Observation and visual interpretation of the private or personal space is the underlying theme in my work. I begin with photographic records made within the oft-overlooked spaces that frame our daily routines. My attention is drawn to instances of incongruity, prompting a sense of the strangely familiar, startling us during our habituated perception of objects and mundane situations.

Having grown up in a suburban housing development, my earliest memory of home is that of living in a space that is reminiscent of my neighbors’ and this remains a persistent fascination. Corner is the final bookwork in a series inspired by living in Corner Brook’s Townsite area on the west coast of Newfoundland. Between 1924-34 the pulp mill built 150 homes to house the mill management and skilled labourers. I have photographed in several Townsite homes, all the same type-4 model as the one I live in, allowing me the rare opportunity to record the evolution of interior aspects of these homes. This project has also been the context to explore the paradoxical phenomena of conformity and individualization that occurs in a company town. Each bookwork from the series explores variations on image memory, multiplicity and sequence as a means to generate the visual equivalence of the underlying theme of the domestic uncanny.

The experience of Corner begins with the brick shaped slipcase containing the book. Slipping the book out, it rests comfortably within the hand. The images on the cover position the viewer outside the home. Turning to the end pages, the viewer moves inside the personal space. The first spaces are entryways and then the viewer is led deeper into the home; from sparsely furnished entrances the images gradually move us into more densely filled and layered living spaces. The perspective within each echoes the perspective of the book pages. The gutter coincides with the represented corner, creating interplay between the architecture of the book and of the imagery. Each page spread cradles an unoccupied space charged with implied conversations between absent inhabitants.

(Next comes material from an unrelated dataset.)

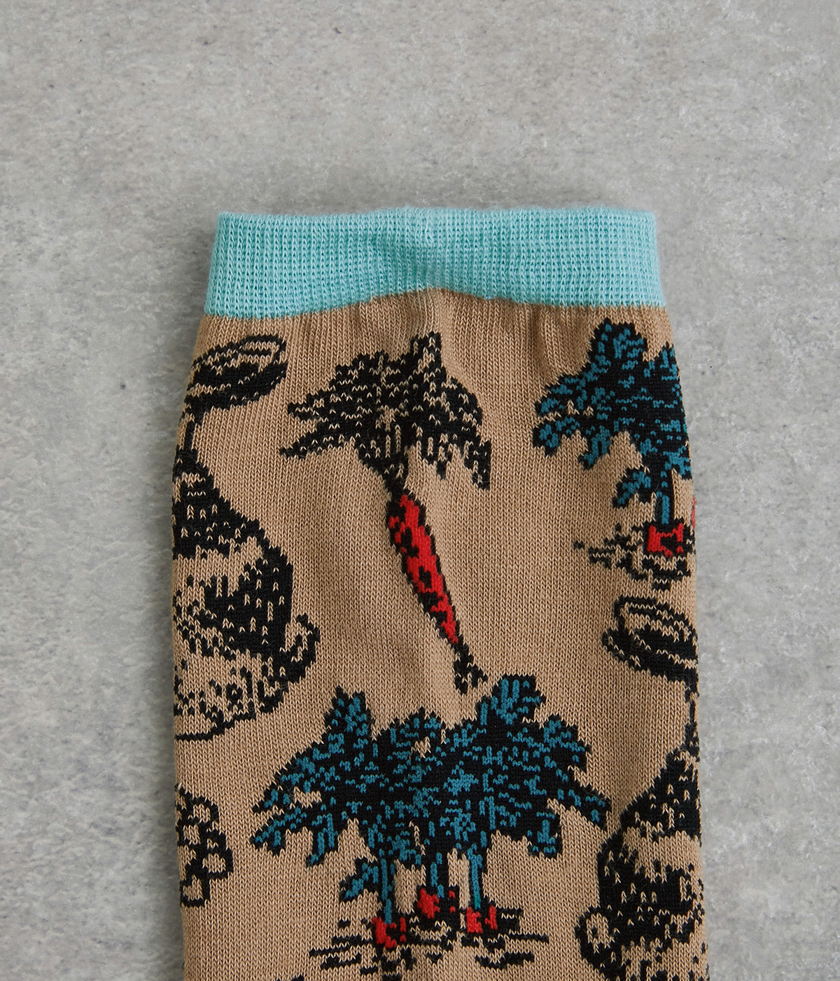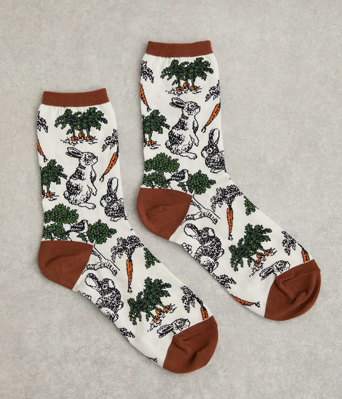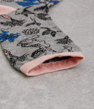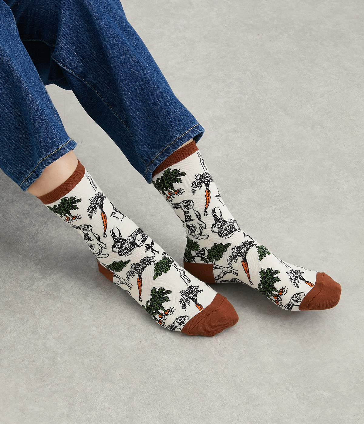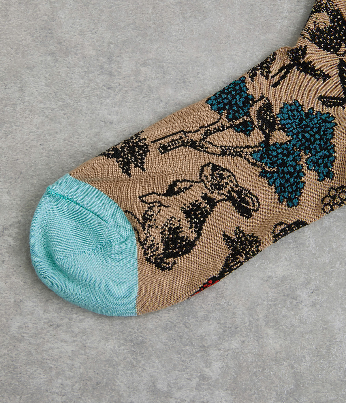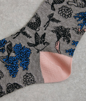 繊細なタッチで描かれたウサギや鳥などのアートな総柄

The book block is loose within the pocket-structure cover allowing the viewer interplay with the interior window imagery nested within the exterior view. The entire book is printed using photogravure. The integration of ink and paper create a tactile and physical presence while simultaneously evoking a state of photographic memory. The images are printed on book weight Somerset paper and are hinged at the fore-edge. The book block is held into a codex structure by sewing the end pages, bridging across the spine. In this way the perspectival illusion of each image and page spread is not interrupted by sewing.